Terence Tao – How the world’s top mathematician uses AI

Dwarkesh Podcast 1h23 8 min #114
Terence Tao – How the world’s top mathematician uses AI
Watch on YouTube

Summary

  • Terence Tao and the host discuss how AI is reshaping mathematics and science, using the history of Kepler’s discovery of planetary motion as a framework for understanding the evolving role of hypothesis generation, data, and verification in the age of large language models.
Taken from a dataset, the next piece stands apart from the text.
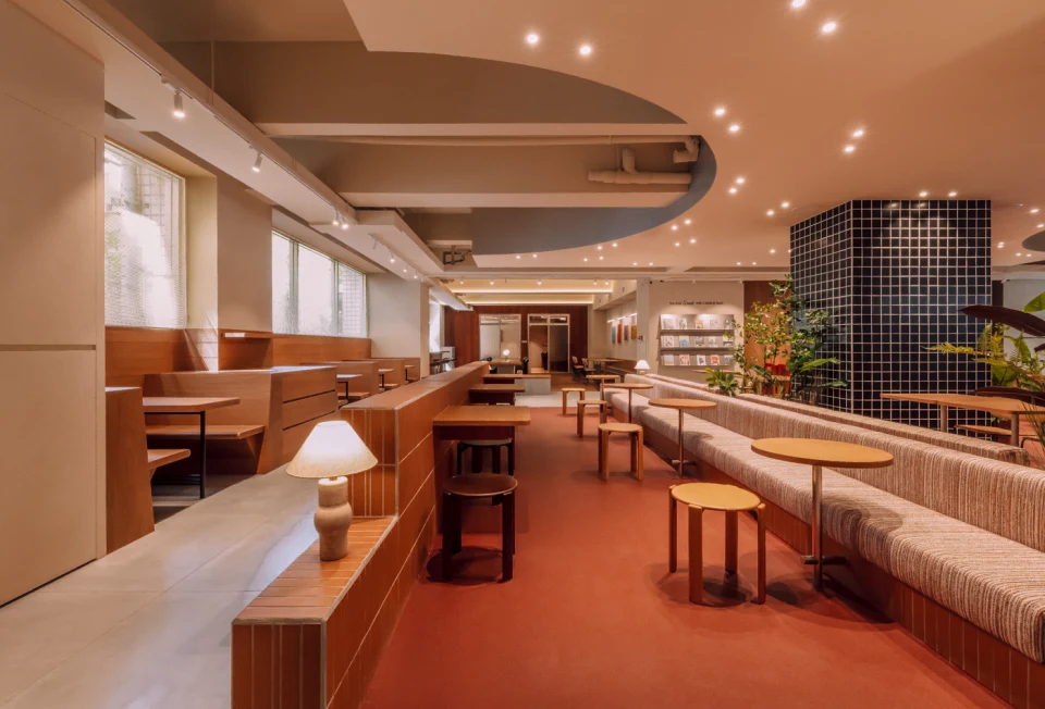 吧台與磁磚運用水磨石等材質,象徵「經典 × 創新」的融合,整體氛圍簡約又不失層次,完美體現現代都市人的「理想第三空間」。

Kepler as a proto-data scientist and the analogy to LLMs

  • Kepler’s path to his three laws of planetary motion illustrates the interplay between creative hypothesis generation and rigorous empirical verification.
    • He began with an elegant but wrong theory—that the six known planets’ orbits were separated by the five Platonic solids—motivated by a belief in geometric perfection.
    • He needed Tycho Brahe’s dataset, the most precise astronomical observations ever collected (decades of naked-eye measurements), to test his ideas. He eventually took the data after a dispute.
    • After years of failed attempts to make his geometric models fit, he discovered through painstaking data analysis that planetary orbits are ellipses (first law), that equal areas are swept in equal times (second law), and a decade later, that orbital period relates to distance from the Sun via a cube-square relationship (third law).
    • Kepler had no theoretical explanation for why these laws held; Newton provided that a century later.
  • The host proposes that Kepler functioned like a “high-temperature LLM”—cycling through many random, often nonsensical hypotheses (including astrological harmonies) against a verifiable dataset, with one eventually producing a real empirical regularity.
    • Kepler’s third law was essentially a regression fit to just six data points (one per known planet), which was lucky—a later similar attempt (Bode’s law) made successful predictions for Uranus and Ceres but failed for Neptune, revealing it as a numerical fluke.
    • The key insight: as long as there is a reliable verification mechanism, even noisy, random hypothesis generation can produce genuine scientific progress.
  • Terence agrees that Kepler was an early data scientist, but notes he started with preconceived theories before getting the data—unlike modern machine learning, which can start with data and extract patterns without prior hypotheses.
    • The host argues the modern paradigm has reversed the classical scientific method: now we collect big data first, then extract hypotheses from it.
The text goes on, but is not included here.